───── Materials provided ─────

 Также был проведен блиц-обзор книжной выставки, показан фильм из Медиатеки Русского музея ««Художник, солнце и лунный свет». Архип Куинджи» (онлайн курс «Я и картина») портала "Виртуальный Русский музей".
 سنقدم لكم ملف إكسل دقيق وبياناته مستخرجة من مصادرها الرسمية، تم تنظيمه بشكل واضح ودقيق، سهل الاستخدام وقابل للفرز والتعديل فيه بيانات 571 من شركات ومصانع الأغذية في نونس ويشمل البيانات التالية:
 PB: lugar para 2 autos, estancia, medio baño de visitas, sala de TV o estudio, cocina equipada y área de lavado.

─────
───── Materials provided ─────

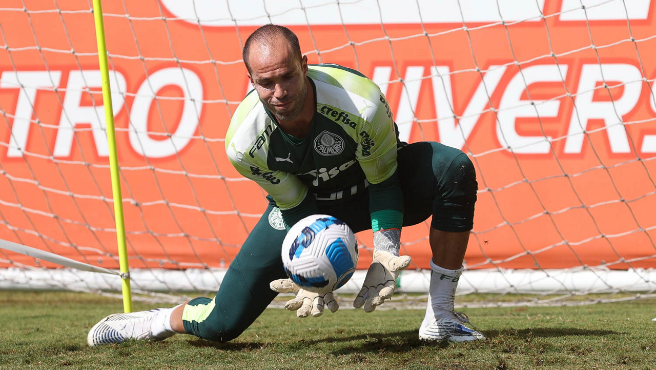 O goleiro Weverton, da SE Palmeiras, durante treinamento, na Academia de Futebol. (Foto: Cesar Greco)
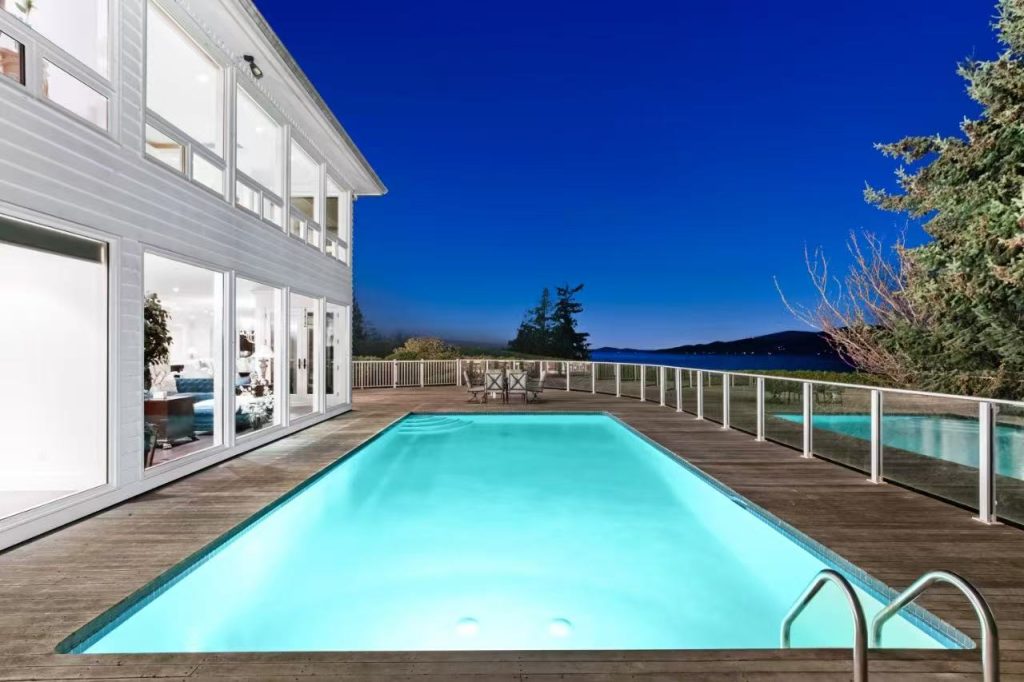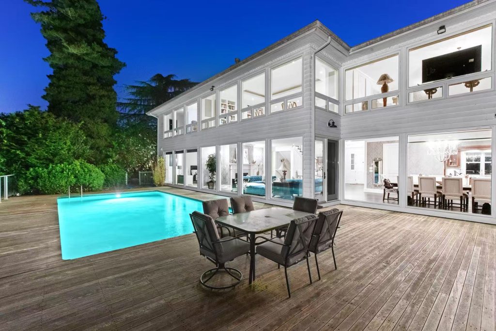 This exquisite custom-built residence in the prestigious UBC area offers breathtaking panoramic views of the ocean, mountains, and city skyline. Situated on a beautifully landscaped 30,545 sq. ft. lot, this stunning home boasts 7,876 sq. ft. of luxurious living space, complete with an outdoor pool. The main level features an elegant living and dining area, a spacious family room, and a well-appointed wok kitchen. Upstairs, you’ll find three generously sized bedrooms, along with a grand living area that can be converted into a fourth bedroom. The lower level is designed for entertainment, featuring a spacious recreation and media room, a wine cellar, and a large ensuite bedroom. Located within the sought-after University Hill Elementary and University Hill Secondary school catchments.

─────
───── Materials provided ─────

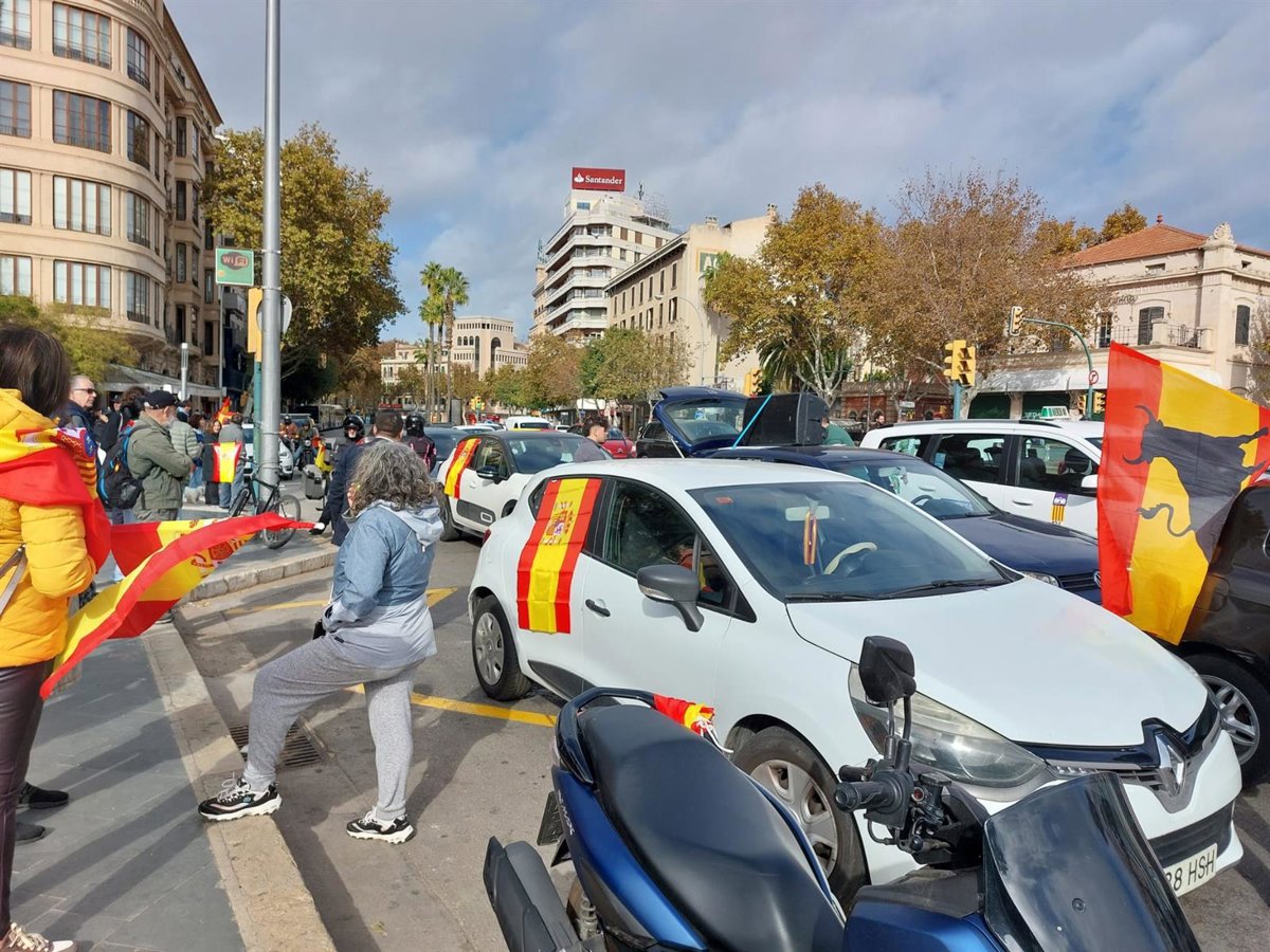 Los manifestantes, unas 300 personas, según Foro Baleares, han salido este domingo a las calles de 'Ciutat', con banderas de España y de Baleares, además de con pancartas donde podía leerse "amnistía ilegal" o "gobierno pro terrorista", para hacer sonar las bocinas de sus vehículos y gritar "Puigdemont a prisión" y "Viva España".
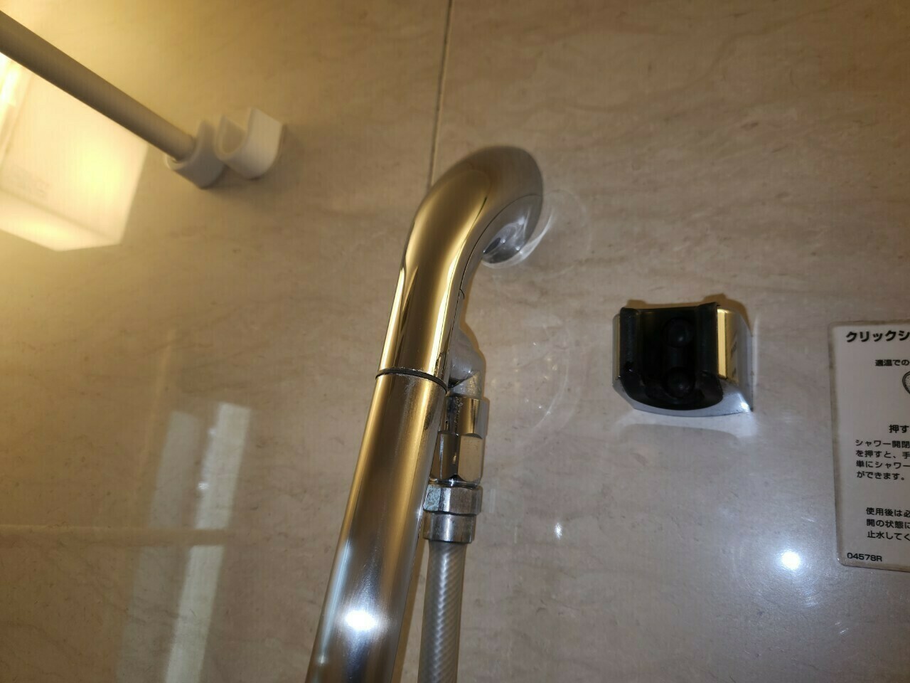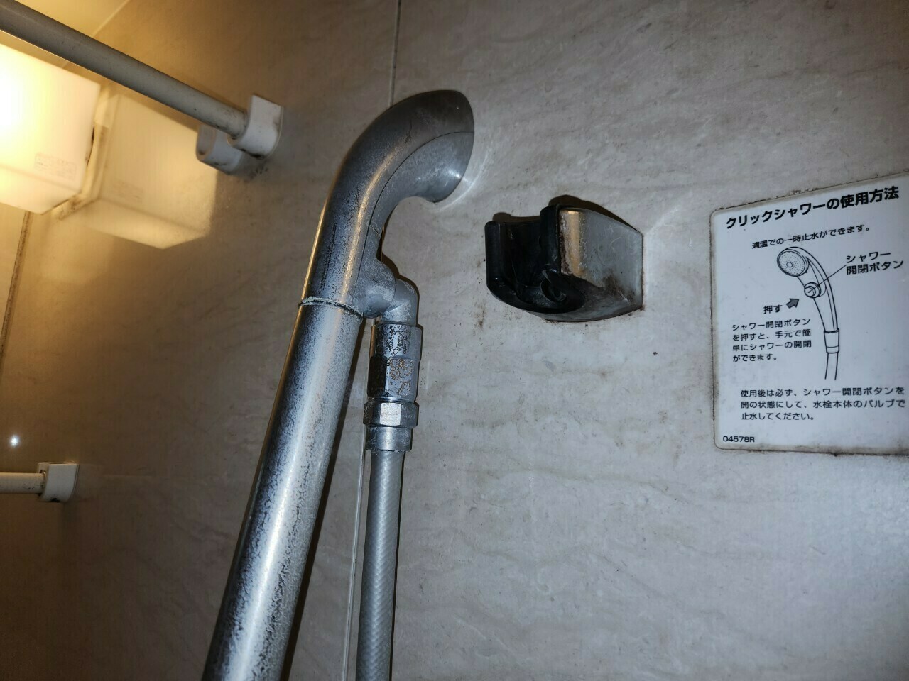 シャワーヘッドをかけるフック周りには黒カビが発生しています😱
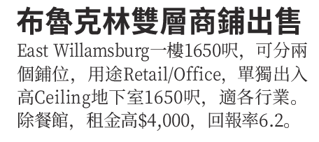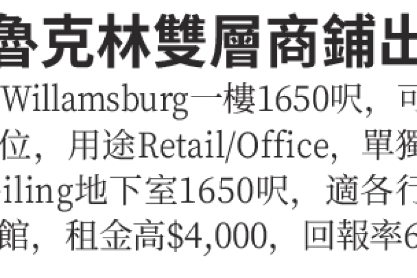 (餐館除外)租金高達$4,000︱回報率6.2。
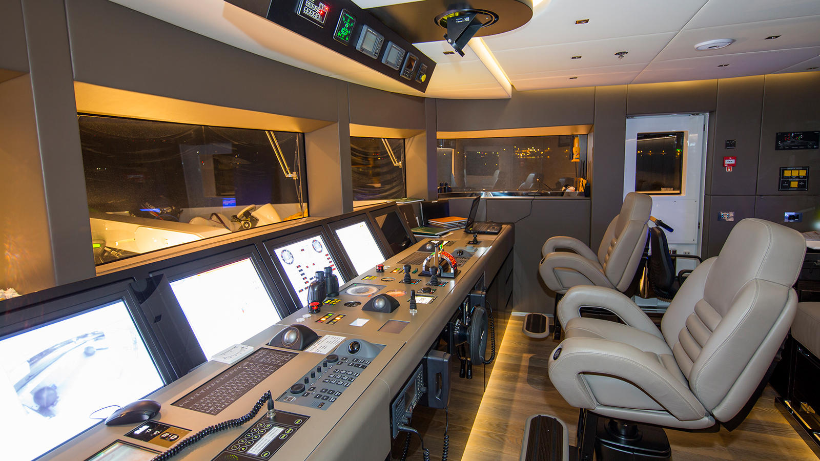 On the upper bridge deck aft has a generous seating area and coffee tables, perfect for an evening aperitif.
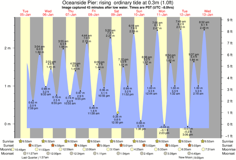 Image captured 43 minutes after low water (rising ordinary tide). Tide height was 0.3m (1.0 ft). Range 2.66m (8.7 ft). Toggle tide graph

─────

Directions for this task:
Within the listing above, extract exactly the lines from the line with "Также был проведен" to the line with "PB: lugar para", the two named lines included, and no others.

Response:
 Также был проведен блиц-обзор книжной выставки, показан фильм из Медиатеки Русского музея ««Художник, солнце и лунный свет». Архип Куинджи» (онлайн курс «Я и картина») портала "Виртуальный Русский музей".
 سنقدم لكم ملف إكسل دقيق وبياناته مستخرجة من مصادرها الرسمية، تم تنظيمه بشكل واضح ودقيق، سهل الاستخدام وقابل للفرز والتعديل فيه بيانات 571 من شركات ومصانع الأغذية في نونس ويشمل البيانات التالية:
 PB: lugar para 2 autos, estancia, medio baño de visitas, sala de TV o estudio, cocina equipada y área de lavado.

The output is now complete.